Он искал места, где не мучили бы тяжелые думы, но на каждом новом месте опять приходила
бессонница, и опять терзала усталость, накопленная за долгую жизнь, и невыносимо было думать о
своем бессилии, о том, что жизнь прошла...
Кому об этом расскажешь, с кем поделишь эту ношу, кто поймет? Старость одинока, и нет
спасенья от одиночества ни для кого; даже сын, умный, любящий, преданный отцу князь Андрей, —
и он не поможет: он молод, здоров, полон сил — сегодня ему не понять отца.

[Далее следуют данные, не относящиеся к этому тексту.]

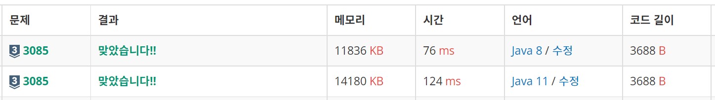 - 사탕의 개수를 계산할 때마다, 최대값을 갱신하여 리턴.
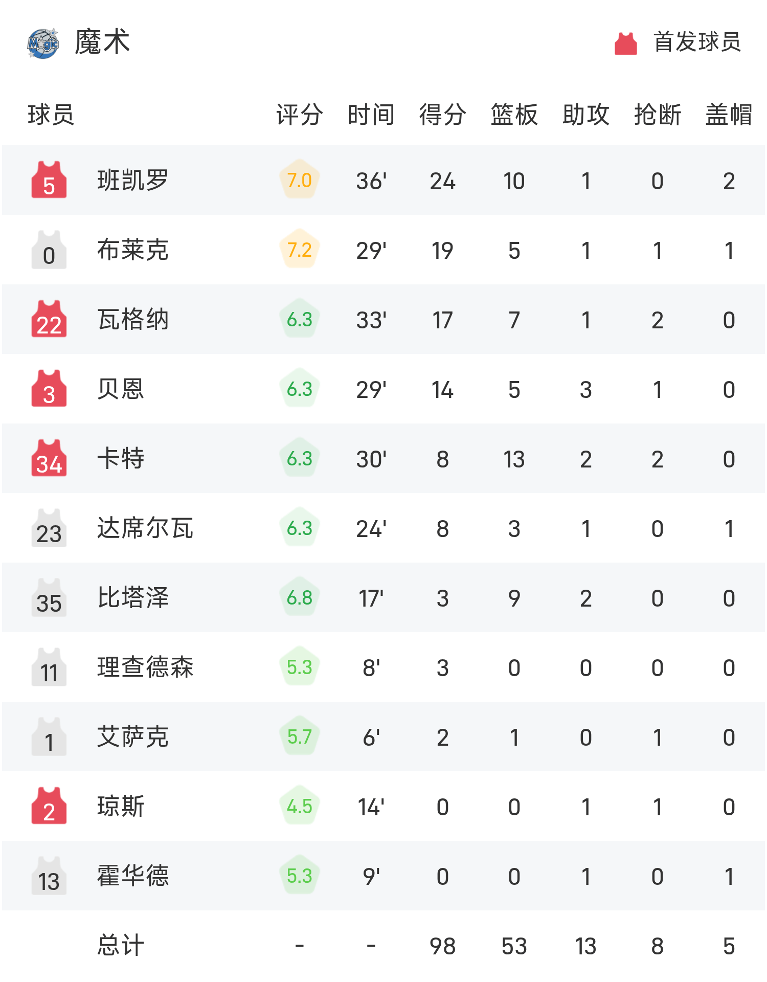 Cuối trận, Magic thua Bulls với tỷ số 98-110.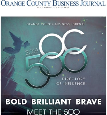 Recognition as OC 500 Most Influential Business Leaders (2019 & 2020) by Orange County Business Journal.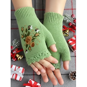 Guantes bordados navideños para mujer: diseño floral con abejas, material de hilo de algodón, disponible en varios colores, perfectos para las vacaciones de invierno y ocasiones festivas.
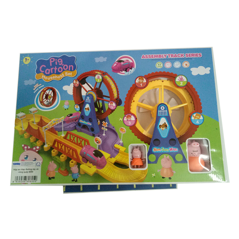 Đồ chơi mô hình đường ray và vòng quay 6050 với chất liệu nhựa an toàn, thiết kế sáng tạo và màu sắc nổi bật sẽ khuyến khích trí tưởng tượng, sáng tạo và phát triển các kỹ năng vận động cho bé. Bộ sản phẩm gồm 1 đầu tàu, 1 chú heo và 1 đường ray có vòng xoay tròn, tất cả đều làm bằng chất liệu nhựa an toàn, các chi tiết trơn nhẵn, không làm trầy xước làn da của bé.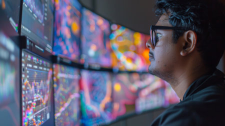 An Individual Analyzes Financial Market Data on Multiple Screens in a Modern Trading Room Environment During Late Afternoon Hours. Generative AI

Только своим последним одиночеством занят старый князь. Уже первое августа (а двадцать
шестого будет Бородинская битва); уже войска Наполеона взяли Витебск, и князь Андрей пишет,
что надо уезжать из Лысых Гор, лежащих «на самой линии движения войск», но старик прочел
письмо сына, видел нарисованный его рукой план кампа нии — сын считал, что ему все это по-
прежнему интересно и понятно, а он ничего не увидел, ничего не понял, мысли его были далеко.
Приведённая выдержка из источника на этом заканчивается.